_WHAT TO DO_
Write the records out exactly, so that no picture remains in the copy.

^^^^^^^^^^^^^^^^

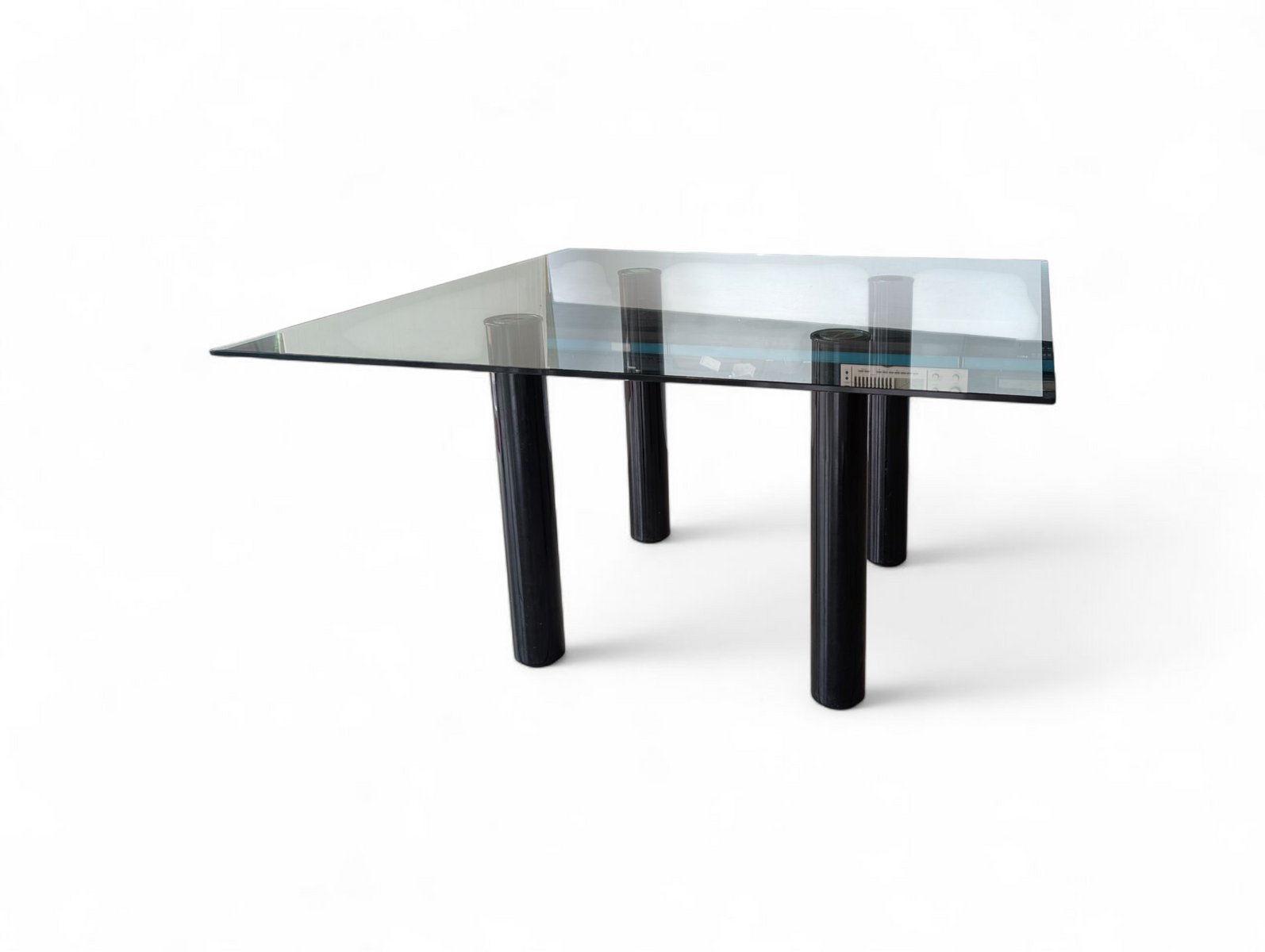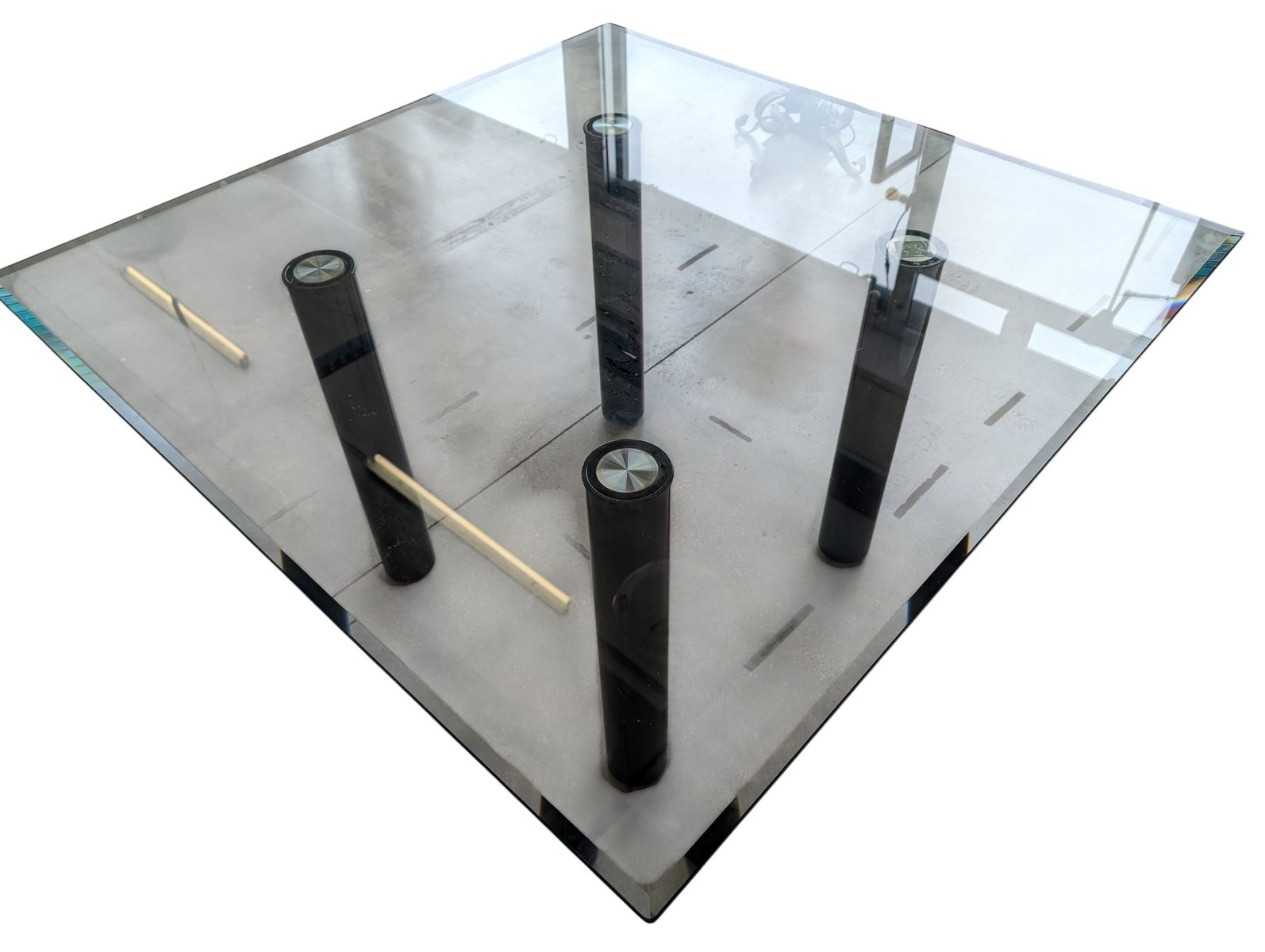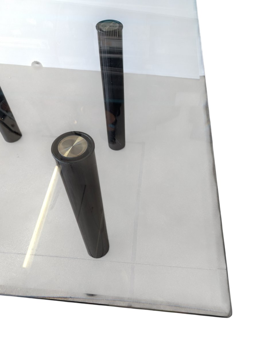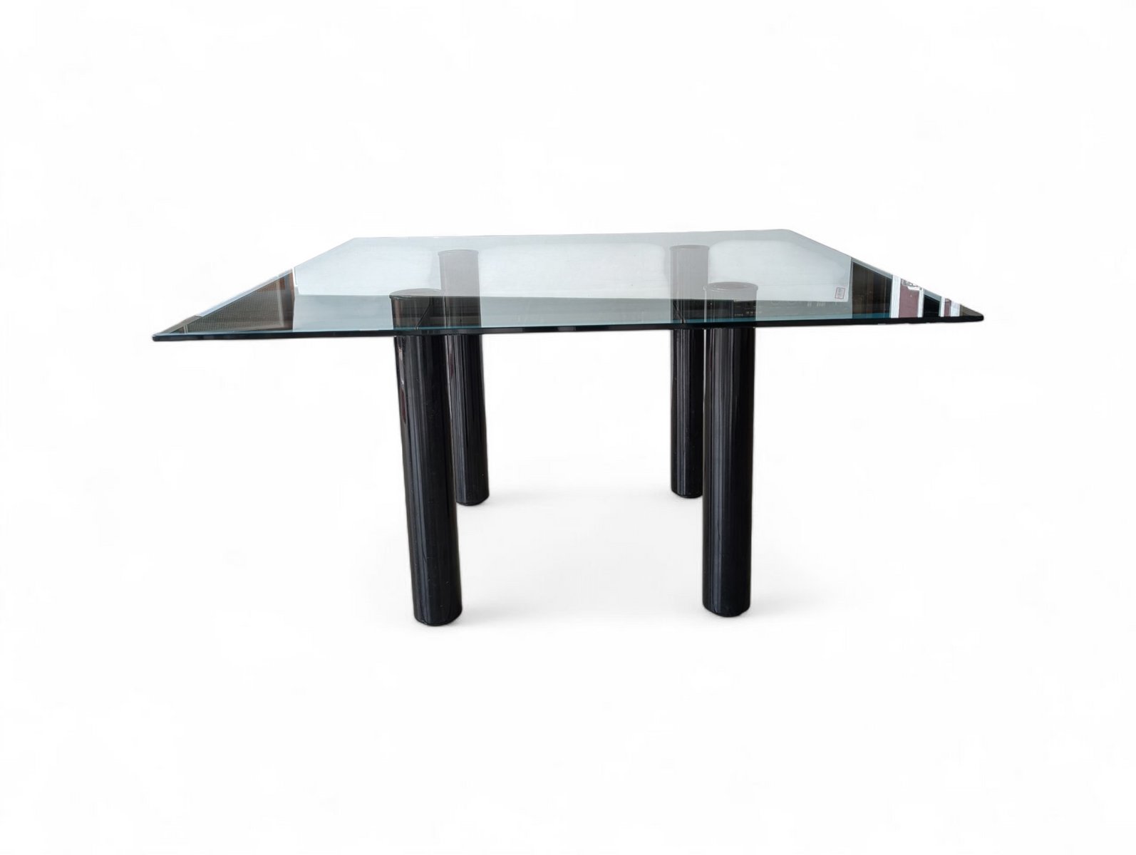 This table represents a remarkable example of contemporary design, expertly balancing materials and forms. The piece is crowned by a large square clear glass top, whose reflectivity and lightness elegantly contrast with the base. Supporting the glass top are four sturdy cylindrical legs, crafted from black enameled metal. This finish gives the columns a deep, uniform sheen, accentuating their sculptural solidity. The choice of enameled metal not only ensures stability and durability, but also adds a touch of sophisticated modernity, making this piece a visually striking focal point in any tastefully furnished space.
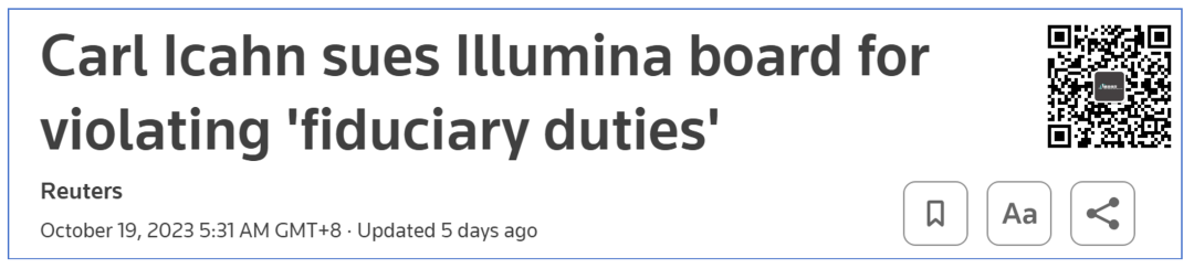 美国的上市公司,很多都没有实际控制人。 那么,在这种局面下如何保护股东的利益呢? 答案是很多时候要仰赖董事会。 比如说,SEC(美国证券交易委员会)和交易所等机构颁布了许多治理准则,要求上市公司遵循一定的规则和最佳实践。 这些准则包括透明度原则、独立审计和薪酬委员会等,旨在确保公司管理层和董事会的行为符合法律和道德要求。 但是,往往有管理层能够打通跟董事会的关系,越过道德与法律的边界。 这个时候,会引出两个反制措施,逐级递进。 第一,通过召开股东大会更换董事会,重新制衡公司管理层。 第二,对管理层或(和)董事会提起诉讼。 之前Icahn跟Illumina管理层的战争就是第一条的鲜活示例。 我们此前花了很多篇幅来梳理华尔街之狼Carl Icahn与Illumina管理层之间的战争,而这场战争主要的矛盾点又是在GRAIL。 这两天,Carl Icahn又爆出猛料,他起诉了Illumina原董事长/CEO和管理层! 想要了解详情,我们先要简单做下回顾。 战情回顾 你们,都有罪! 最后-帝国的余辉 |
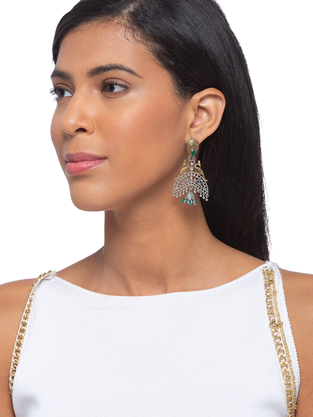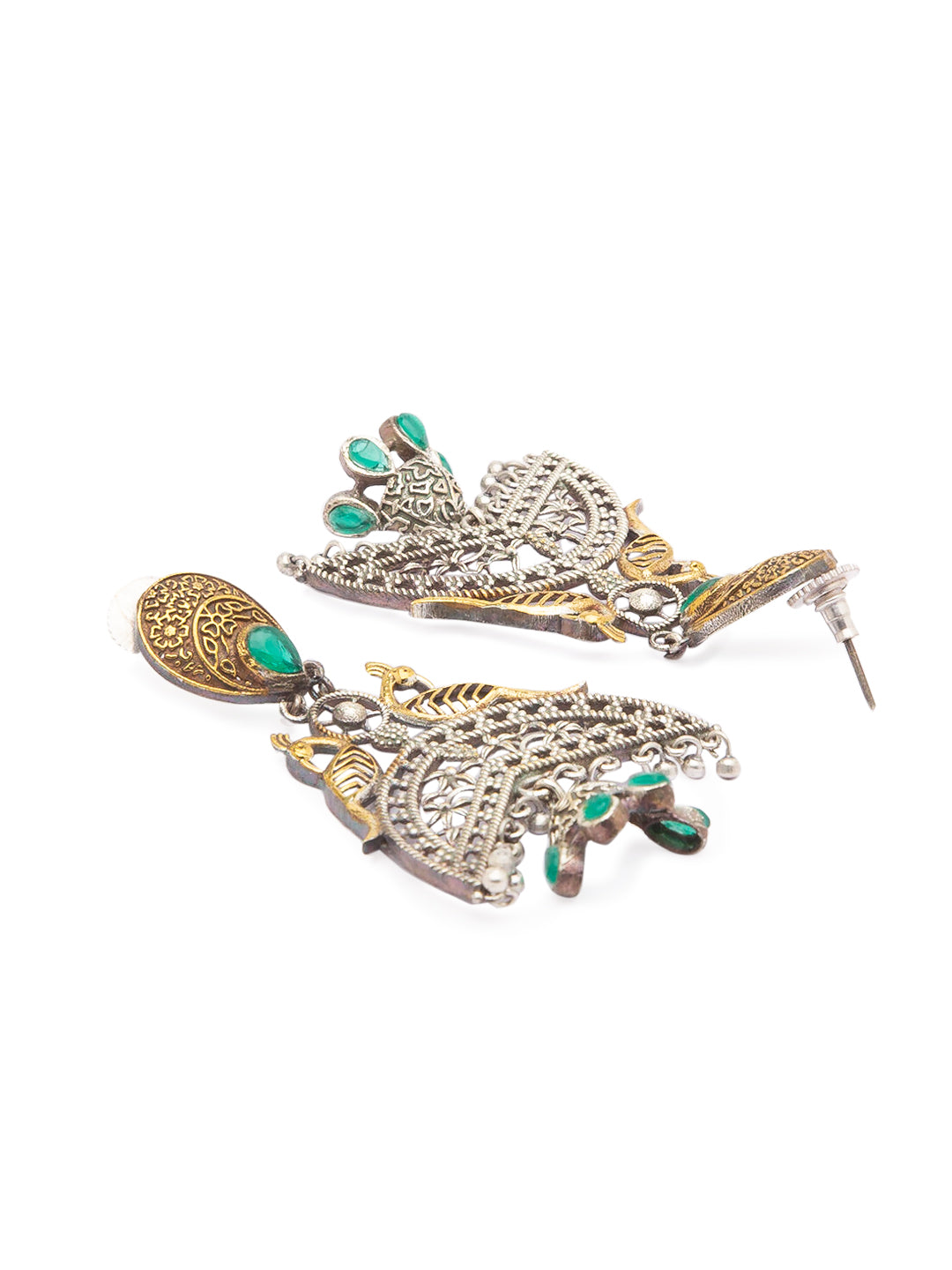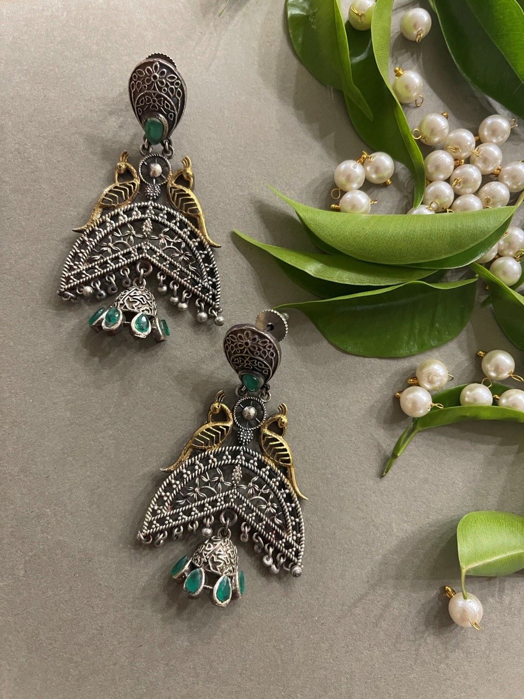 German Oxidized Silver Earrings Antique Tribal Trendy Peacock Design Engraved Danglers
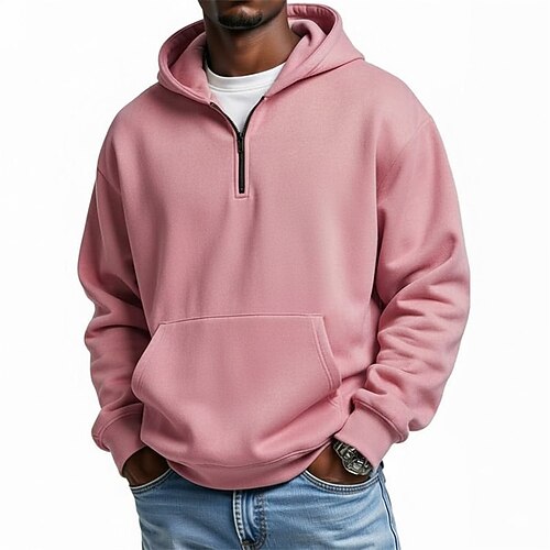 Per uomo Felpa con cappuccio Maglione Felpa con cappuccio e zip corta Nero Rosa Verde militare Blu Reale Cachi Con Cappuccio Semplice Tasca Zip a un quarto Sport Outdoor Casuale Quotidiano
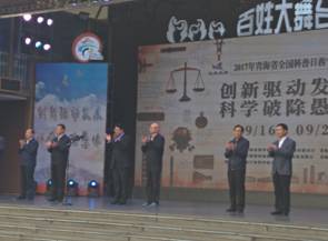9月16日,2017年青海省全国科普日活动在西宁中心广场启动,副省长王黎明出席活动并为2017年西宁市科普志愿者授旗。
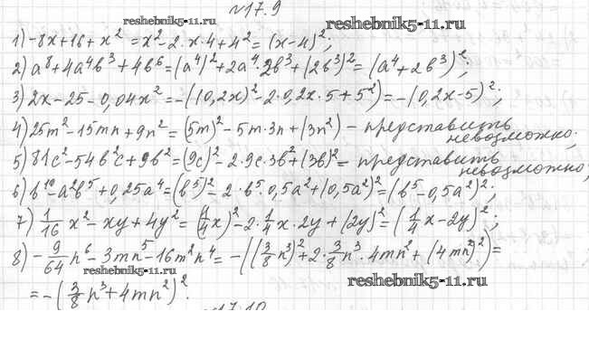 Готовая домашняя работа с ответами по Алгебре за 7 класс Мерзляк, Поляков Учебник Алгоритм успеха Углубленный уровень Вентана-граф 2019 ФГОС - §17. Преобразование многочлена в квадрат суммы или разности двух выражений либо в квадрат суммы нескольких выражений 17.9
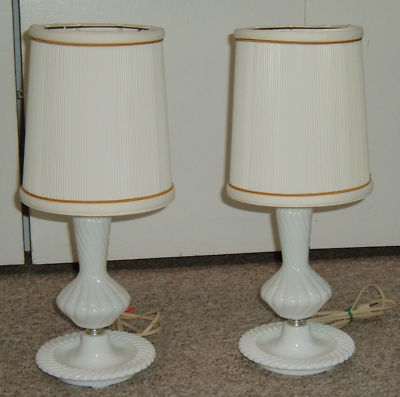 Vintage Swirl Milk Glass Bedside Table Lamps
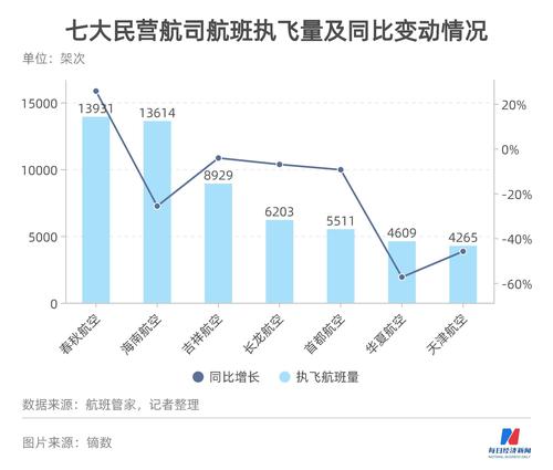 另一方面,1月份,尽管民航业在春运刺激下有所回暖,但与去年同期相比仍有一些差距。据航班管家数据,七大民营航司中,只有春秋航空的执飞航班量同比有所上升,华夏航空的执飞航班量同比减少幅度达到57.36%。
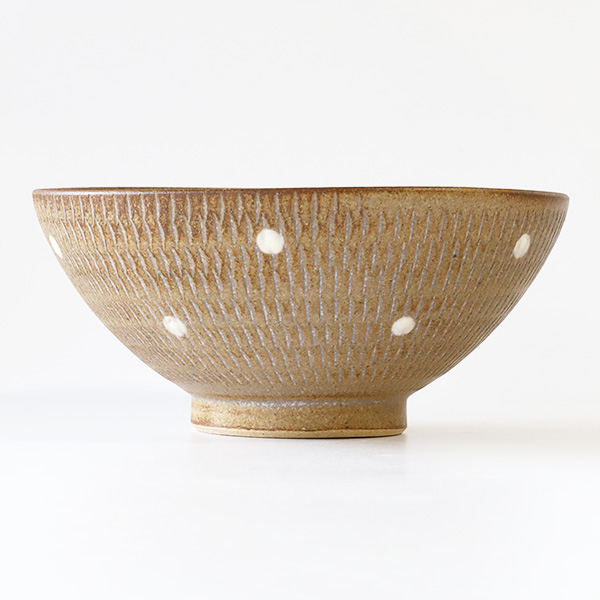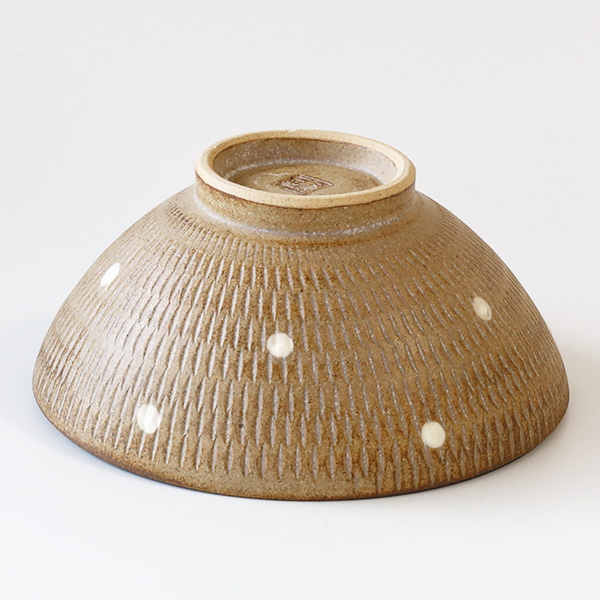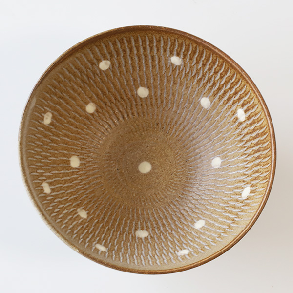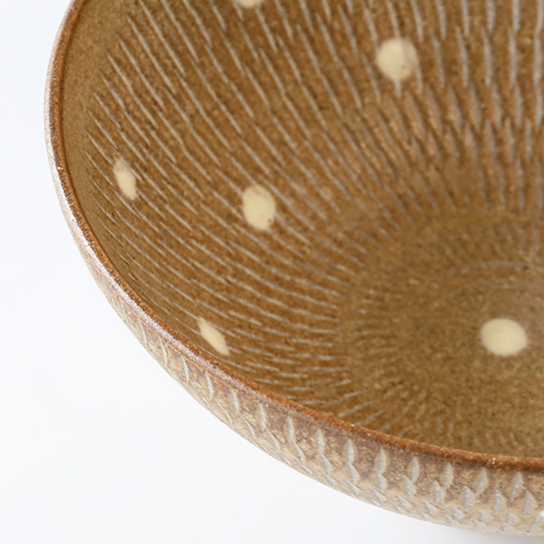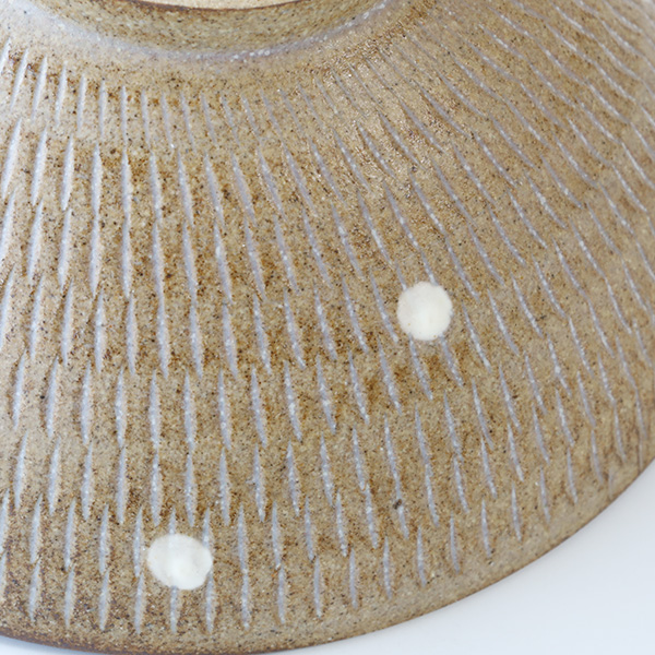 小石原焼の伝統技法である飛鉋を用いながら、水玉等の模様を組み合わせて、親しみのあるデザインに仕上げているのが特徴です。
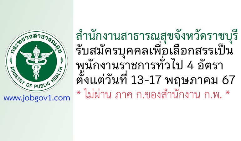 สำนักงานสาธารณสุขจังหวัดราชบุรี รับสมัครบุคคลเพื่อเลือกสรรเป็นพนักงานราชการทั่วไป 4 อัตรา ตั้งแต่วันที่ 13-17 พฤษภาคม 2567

^^^^^^^^^^^^^^^^

_RESPONSE TO THE EXERCISE_
 This table represents a remarkable example of contemporary design, expertly balancing materials and forms. The piece is crowned by a large square clear glass top, whose reflectivity and lightness elegantly contrast with the base. Supporting the glass top are four sturdy cylindrical legs, crafted from black enameled metal. This finish gives the columns a deep, uniform sheen, accentuating their sculptural solidity. The choice of enameled metal not only ensures stability and durability, but also adds a touch of sophisticated modernity, making this piece a visually striking focal point in any tastefully furnished space.
 美国的上市公司,很多都没有实际控制人。 那么,在这种局面下如何保护股东的利益呢? 答案是很多时候要仰赖董事会。 比如说,SEC(美国证券交易委员会)和交易所等机构颁布了许多治理准则,要求上市公司遵循一定的规则和最佳实践。 这些准则包括透明度原则、独立审计和薪酬委员会等,旨在确保公司管理层和董事会的行为符合法律和道德要求。 但是,往往有管理层能够打通跟董事会的关系,越过道德与法律的边界。 这个时候,会引出两个反制措施,逐级递进。 第一,通过召开股东大会更换董事会,重新制衡公司管理层。 第二,对管理层或(和)董事会提起诉讼。 之前Icahn跟Illumina管理层的战争就是第一条的鲜活示例。 我们此前花了很多篇幅来梳理华尔街之狼Carl Icahn与Illumina管理层之间的战争,而这场战争主要的矛盾点又是在GRAIL。 这两天,Carl Icahn又爆出猛料,他起诉了Illumina原董事长/CEO和管理层! 想要了解详情,我们先要简单做下回顾。 战情回顾 你们,都有罪! 最后-帝国的余辉 |
 German Oxidized Silver Earrings Antique Tribal Trendy Peacock Design Engraved Danglers
 Per uomo Felpa con cappuccio Maglione Felpa con cappuccio e zip corta Nero Rosa Verde militare Blu Reale Cachi Con Cappuccio Semplice Tasca Zip a un quarto Sport Outdoor Casuale Quotidiano
9月16日,2017年青海省全国科普日活动在西宁中心广场启动,副省长王黎明出席活动并为2017年西宁市科普志愿者授旗。
 Готовая домашняя работа с ответами по Алгебре за 7 класс Мерзляк, Поляков Учебник Алгоритм успеха Углубленный уровень Вентана-граф 2019 ФГОС - §17. Преобразование многочлена в квадрат суммы или разности двух выражений либо в квадрат суммы нескольких выражений 17.9
 Vintage Swirl Milk Glass Bedside Table Lamps
 另一方面,1月份,尽管民航业在春运刺激下有所回暖,但与去年同期相比仍有一些差距。据航班管家数据,七大民营航司中,只有春秋航空的执飞航班量同比有所上升,华夏航空的执飞航班量同比减少幅度达到57.36%。
 小石原焼の伝統技法である飛鉋を用いながら、水玉等の模様を組み合わせて、親しみのあるデザインに仕上げているのが特徴です。
 สำนักงานสาธารณสุขจังหวัดราชบุรี รับสมัครบุคคลเพื่อเลือกสรรเป็นพนักงานราชการทั่วไป 4 อัตรา ตั้งแต่วันที่ 13-17 พฤษภาคม 2567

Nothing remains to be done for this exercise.